§ What you have to do: Exactly the lines from the one containing "为确保2024届毕业生专升本" through the end of the data, and nothing more, should be retyped; pictures stay out.

Data block: Begin

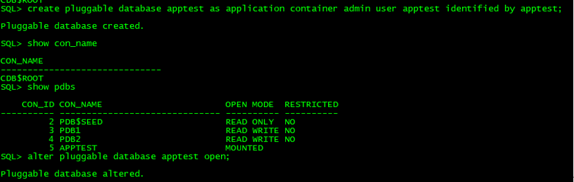 在创建Application容器的同时,创建Application公共用户apptest,与CDB公共用户不同的是用户名不需要c##开头。
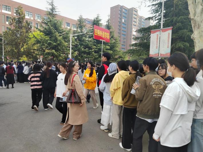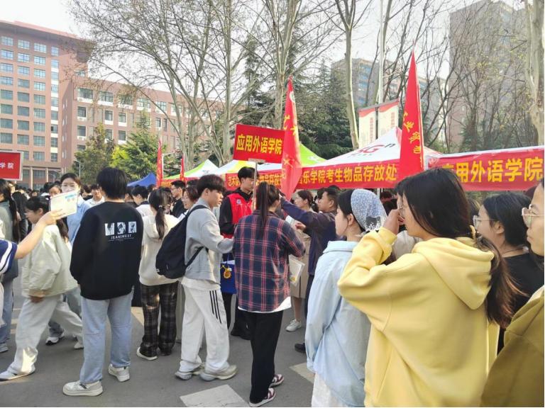 为确保2024届毕业生专升本考试平稳有序进行,4月1日早上7点30分,应用外语学院院长范勇慧、党总支副书记赵伟生、副院长张喆、团总支书记张艳华以及毕业班辅导员王玲来到考场外,为考生加油打气,护送我院考生有序进入考场。
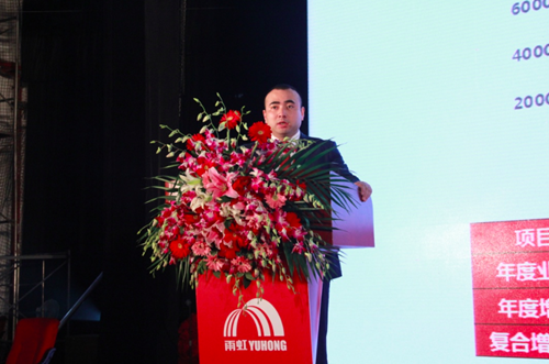 在激昂的司歌合唱后,東方雨虹民用建材公司總經理熊俊上臺致辭,他表示,2015年是雨虹防水的收獲年,無論是市場增長,各片區發展,還是公司運營,人才培養,都取得了卓有成效的發展。在肯定2015年工作成績的同時,也指出了公司在渠道,店面等方面的工作還存在很多問題。未來,東方雨虹要堅持用調研數據做為戰略決定的基礎,堅持店面開發,專業人士拓展,強化同家裝公司合作,及O2O線上線下一體化。他還提出,2016年是非常關鍵的一年,新起點、新征程既是對我們空杯歸零的期許,也是開拓民建嶄新未來的背水一戰。

Data block: End

§ Solution for this problem:
 为确保2024届毕业生专升本考试平稳有序进行,4月1日早上7点30分,应用外语学院院长范勇慧、党总支副书记赵伟生、副院长张喆、团总支书记张艳华以及毕业班辅导员王玲来到考场外,为考生加油打气,护送我院考生有序进入考场。
 在激昂的司歌合唱后,東方雨虹民用建材公司總經理熊俊上臺致辭,他表示,2015年是雨虹防水的收獲年,無論是市場增長,各片區發展,還是公司運營,人才培養,都取得了卓有成效的發展。在肯定2015年工作成績的同時,也指出了公司在渠道,店面等方面的工作還存在很多問題。未來,東方雨虹要堅持用調研數據做為戰略決定的基礎,堅持店面開發,專業人士拓展,強化同家裝公司合作,及O2O線上線下一體化。他還提出,2016年是非常關鍵的一年,新起點、新征程既是對我們空杯歸零的期許,也是開拓民建嶄新未來的背水一戰。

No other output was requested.